• **AIM OF THE EXERCISE**
Everything from the line with "9. ábra. Gutenberg" to the line with "CAPITAL HUMANO FORTALECIMIENTO" in the listing below, both lines included, needs to be copied exactly, apart from the pictures.

• **DATA SHOWN**
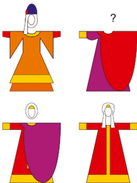
фиг. 8. Женското киторско облекло от Светославовия Изборник, съпоставено с такива от Кодекса на Гертруда и Киевския събор.
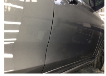
Kapı, sağ ön, Kapı, sağ ön > Noktasal Ezik
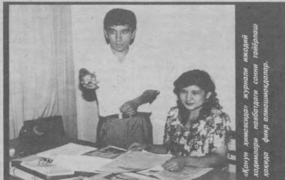
«Қонун химоясида» журнали ижодий фаолиятини химоя қилиш тўғрисидаги қонуннинг қабули билан журналистларнинг ҳуқуқлари мустақиллик ва эркинликка эришишига эришилди.

1996 йил Республика прокуратураси муассислигида «Қонун химоясида» журнали чоп этила бошлаганда, унинг келажаги порлоқ бўлишига кўпчилик ишонч билдирганди. Чунки, етилган шарт-шaroит, халқимизнинг ҳуқуқий наشرларга бўлган эҳтиёжи бунга асос бўла олди. Тахририятнинг ёш жамоасидан прокуратура ходимлари, малакали журна-
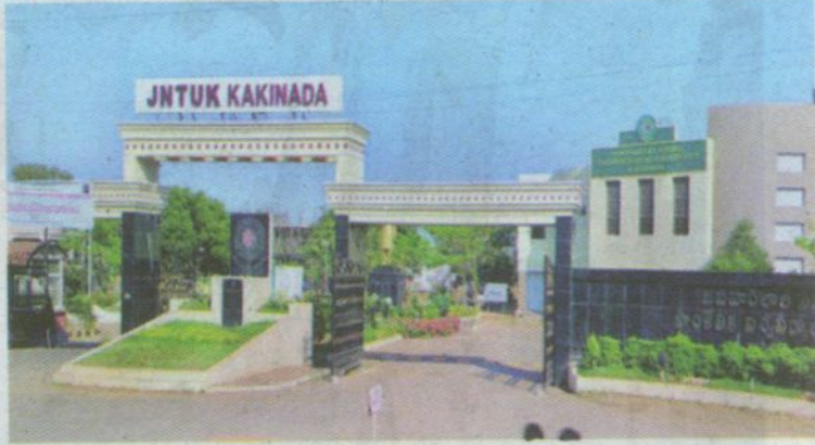
JNTU in Kakinada

According to university registrar VV Subba Rao, in view of demise of former Prime Minister Atal Bihari Vajpayee and due to the weeklong mourning, it was decided to postpone the celebrations. The registrar also announced that the new date of conduct of the programme will be announced later after fixing the date.
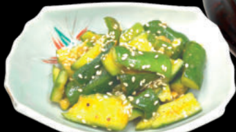
Dưa leo tẩm gia vị Piri 辛 Kyūri
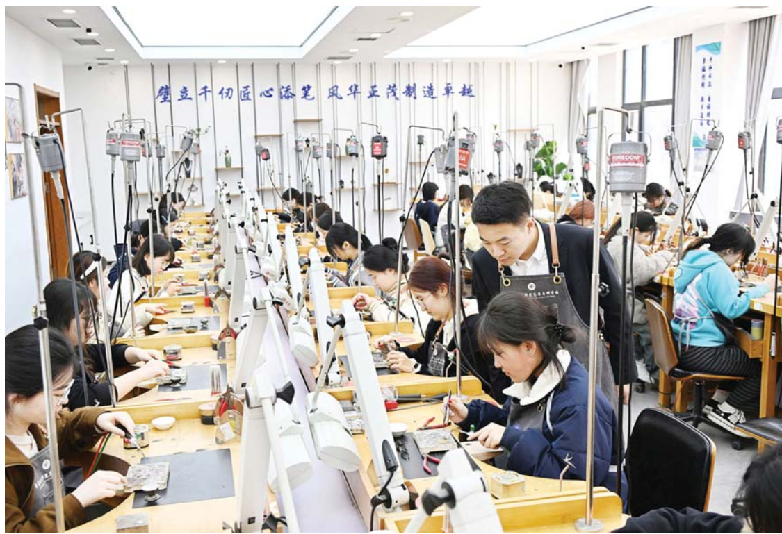
पूर्वी चीनको शानडोङ प्रान्तको छिडदाओमा रहेको छिडदाओ प्रिस्कूल शिक्षा कलेजको कक्षामा गहना प्रशोधन सीपको अभ्यास गर्दै विद्यार्थी।
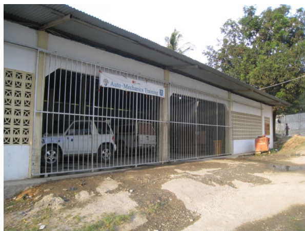
ディリ技術学校内にある実習場
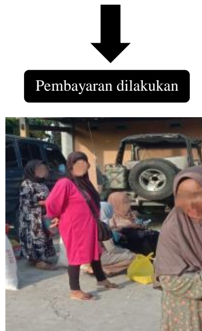
Gambar IV.2. Proses pembayaran
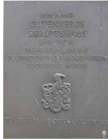
9. ábra. Gutenberg szülőházának emléktáblája. Később itt alakult meg a németországi könyvnyomtatók egyesülete.
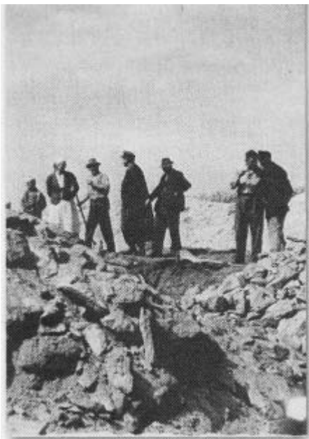
Der steinige Untergrund erschwerte und verzögerte den Fortgang der Arbeiten
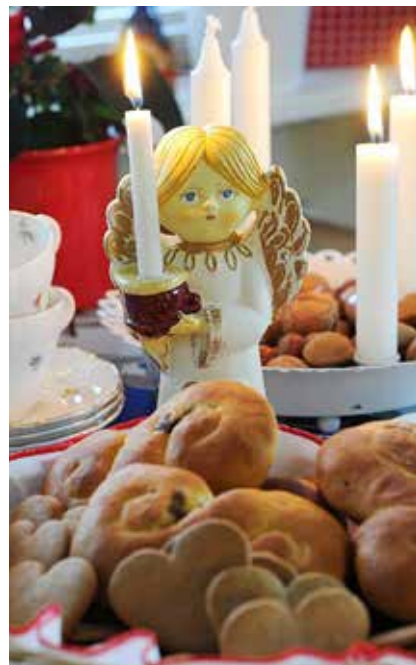
Luciadag på biblioteket.
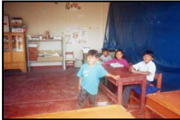
CAPITAL HUMANO FORTALECIMIENTO IMPORTANTE DE LA SOCIEDAD ALUMNOS EN EL VALLE DE CINTO

En cuanto al tema de salud integral, la población asumirá su responsabilidad y conciencia en tanto reconozca su importancia y su calidad, en ese sentido todo el esfuerzo se abocara a una fuerte campaña de sensibilización que induzca a los actores sociales a reconocer en forma permanente lo trascendente de este cambio de aptitud ante si mismos y la familia, esta debe ser una campaña permanente en el seno de cada unidad social. La prevención es el esfuerzo mayor y así evitaremos la pérdida de vidas humanas como la de madres gestantes, muertes por parto con mala atención, niños desnutridos y frustrados por impedimento físico, entre otras atenciones, que no fueran atendidas oportunamente.
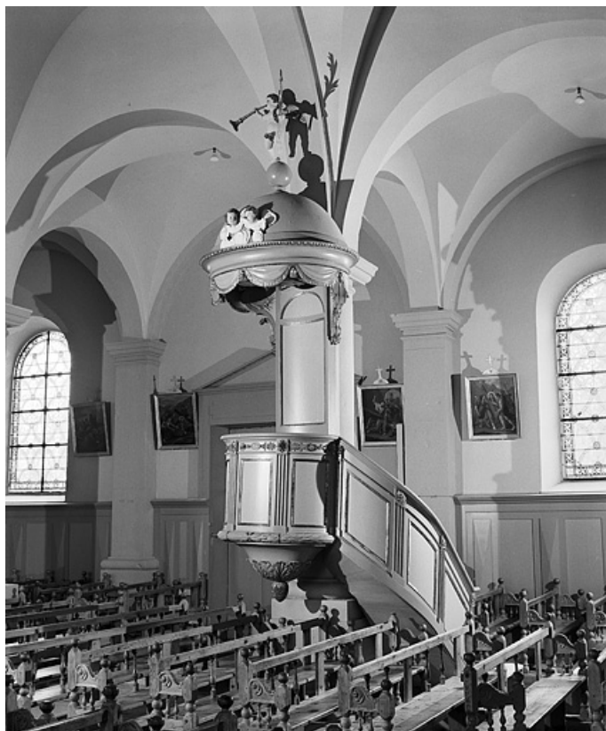
Vue d'ensemble. 25, Les Fourgs
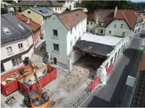
Der Abbruch beginnt

Aufgrund einer Reihe von Schwierigkeiten musste der Start der Arbeiten für den Neubau des Lindensaals mehrfach verschoben werden.
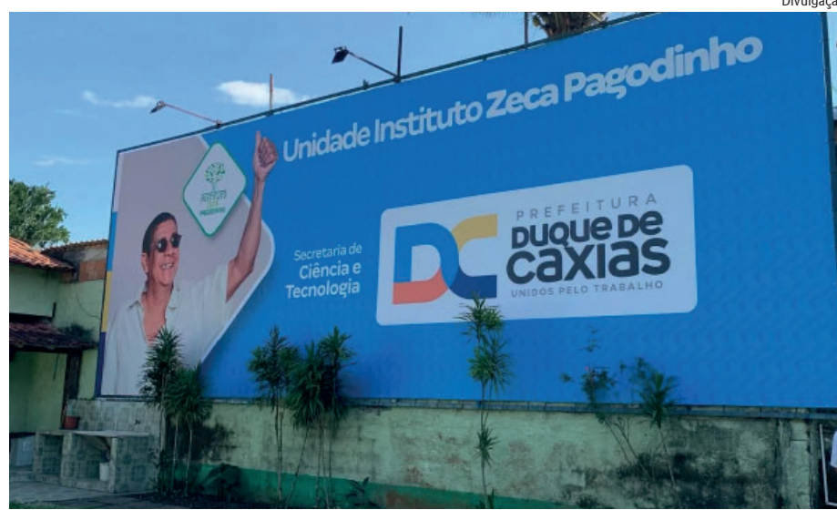
O Instituto Zeca Pagodinho fica na Rua Carlos Mateus, 54, em Xerém

O Instituto Zeca Pagodinho fica na Rua Carlos Mateus, 54, em Xerém, no quarto distrito de Duque de Caxias. O atendimento no local é de segunda a sexta-feira, das 08h às 17h.
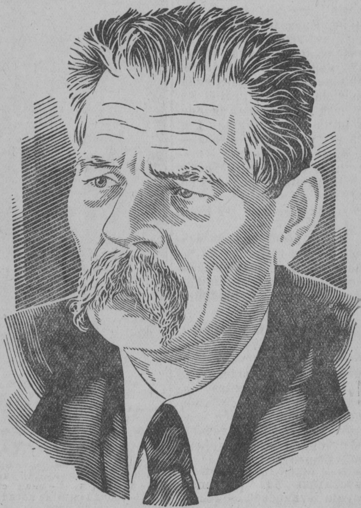
Алексей Максимович Горький.

• **SOLUTION FOR THIS TASK**
9. ábra. Gutenberg szülőházának emléktáblája. Később itt alakult meg a németországi könyvnyomtatók egyesülete.
Der steinige Untergrund erschwerte und verzögerte den Fortgang der Arbeiten
Luciadag på biblioteket.
CAPITAL HUMANO FORTALECIMIENTO IMPORTANTE DE LA SOCIEDAD ALUMNOS EN EL VALLE DE CINTO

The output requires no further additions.